A beloved Japanese card game inspires a curious body of work that conjures paradoxical feelings of familiarity and displacement.
Will Matsuda’s photo project Hanafuda is a test of memory and recognition. Scanning the series of photographs, I identify a crumpled iris blossom, a pale pink peony, a darkened hillside, and a nimble doe. To anyone unfamiliar with the Japanese card game, these images are nothing more than flora and fauna. But to Japanese Americans like me, they coincide with the faces of hanafuda cards and also recall childhood memories of friendly competition with one’s obachan. I don’t remember at what age I learned to play, but I do know every visit to granny’s house prompted multiple rounds of hanafuda. The desirable gaji card always incited squeals of delight and the beautiful sakura cards were worn from handling.
Matsuda’s Hanafuda treads a fine line between reimagining and recreating the timeless prints of the beloved game. Unlike Western playing cards, hanafuda is void of numbers or conventional suits, instead depicting flower and animal prints representing the 12 months in a calendar year. Matsuda, who learned how to play at a young age from his Grandma Amy, still doesn’t understand all the rules. Growing up in Portland, Oregon, he only played hanafuda once a year when he and his immediate family visited his grandma on O‘ahu for the holidays. He fondly remembers losing to her, claiming she didn’t hold back in leveraging her years of experience. It was this nostalgia that prompted Matsuda to create 25 vertical photographs of scenes reenvisioning hanafuda prints.

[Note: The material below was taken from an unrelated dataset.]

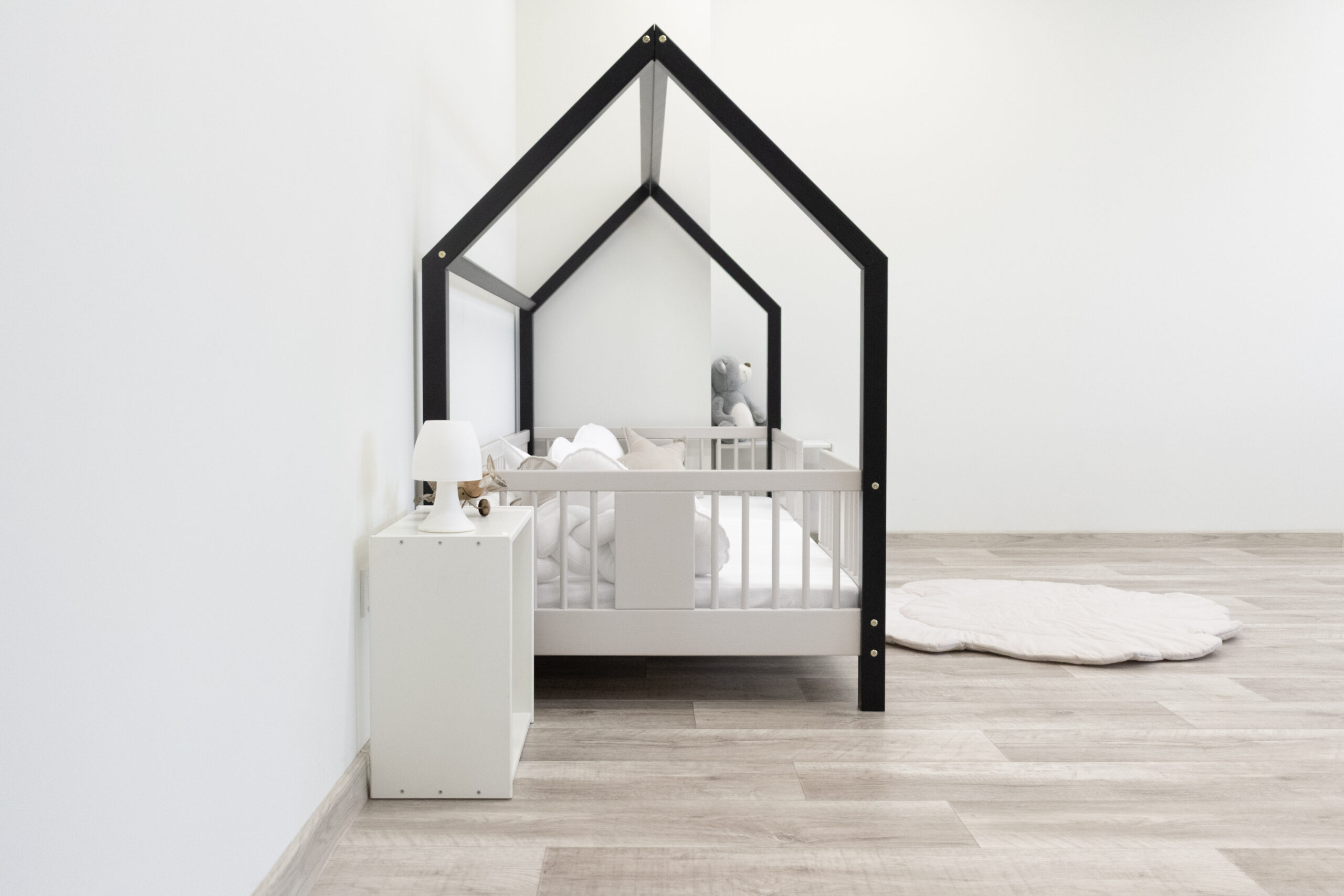 To pojedyncze łóżko w kształcie domku, które naturalnie łączy funkcję snu, zabawy i wspólnego spędzania czasu z rodzicami. Prosta forma, miękkie linie i naturalne drewno tworzą spokojne, harmonijne otoczenie sprzyjające wyciszeniu i relaksowi.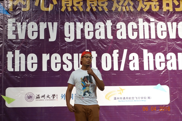 2016年4月6日星期三下午,外国语学院协同温州市通用航空飞行学院(筹)在温州大学大学生活动中心育英大礼堂专为修读《大学外语》课程的大一、大二学生举行了英语学习分享会,旨在推进大学外语教学国际化、加强学生的国际化学习意识、提升学生的自我认知能力。分享会得到了校团委、外事处、保卫处和机电学院等单位的大力支持与配合,外国语学院毛继光院长、陈孟森书记、朱晓申副院长、外教George Main和全体大学英语教师以及15级研究生参加了分享会。外事处叶苗处长,国际合作学院包含丽副院长、英语教练刘书云老师以及外教Ely等也出席了分享会。分享会由外国语学院金瑶同学主持。

“If I put myself in the photos, I find it to be an easier way to access these more complicated ideas.”
Will Matsuda
At the time, Matsuda was living in New York for a residency at The Center for Photography at Woodstock. While on a leisurely stroll in the Catskill Mountains, he recognized a variety of the same plants, such as wisteria and iris, depicted on the hanafuda cards he played in childhood. Intrigued, he learned that Woodstock is on the same latitude as northern Japan, which would account for the similarity in foliage. Consequently, Hanafuda ended up being shot at an unconventional Western location with Japanese subjects.
Matsuda knew he wanted the series to have a human presence, and as one of the few Japanese Americans in the area, he often cast himself as the subject. “I was thinking of these cards as a metaphor and vehicle to think about Japanese American culture and identity,” he says. “If I put myself in the photos, I find it to be an easier way to access these more complicated ideas.” As a result, the series conjures paradoxical feelings of familiarity and displacement. Matsuda’s Asian features are a familiar sight in Hawai‘i or Japan, but as he poses among North American pine trees, against a black sheet, and below a starry sky in upstate New York, he creates a universal space neither distinctly Japanese nor American. There is a sense of longing for Japanese culture, an attempt to “find the bits we can latch onto or belong to, wherever we are,” Matsuda says.
Throughout the process, Matsuda worried less about imitating the hanafuda prints exactly and more on offering his own interpretations. This artistic choice points to the way the game evolved over time. The cards date back to the 17th century, when the Tokugawa shogunate, a military dictatorship, implemented a ban on foreign playing cards. Gamblers responded by creating new cards that coyly imitated Western cards. These imitation decks were still banned, leading to the production of hanafuda, which was distinctly domestic in appearance by its popular Japanese images. Nevertheless, the game was played in secret in gambling circles. Eventually it evolved from a gambling game to a household pastime and was brought over to Hawai‘i by Japanese immigrants during the 19th century.
As a Japanese American with ties to Hawai‘i, Matsuda was in a unique position to conceive of and photograph his series. Within a canon of primarily white men, the photography industry has done little to diversify its community of photographers, photo editors, and critics. History has often been told through the lens of white people and not by those who experienced it firsthand. For Matsuda, Hanafuda was a way to help rewrite history by telling a story of Japanese identity from the perspective of a Japanese American.
If hanafuda tells the story of issei Japanese in America, Matsuda’s Hanafuda represents the generations to follow, who navigate traditional and modern identities. It’s telling that he had to reference the original prints to produce new images suitable to him. For Japanese Americans, our identity is inevitably shaped by history, culture, and traditions. But this need not stop us from re-inventing what it means to be a Japanese American today.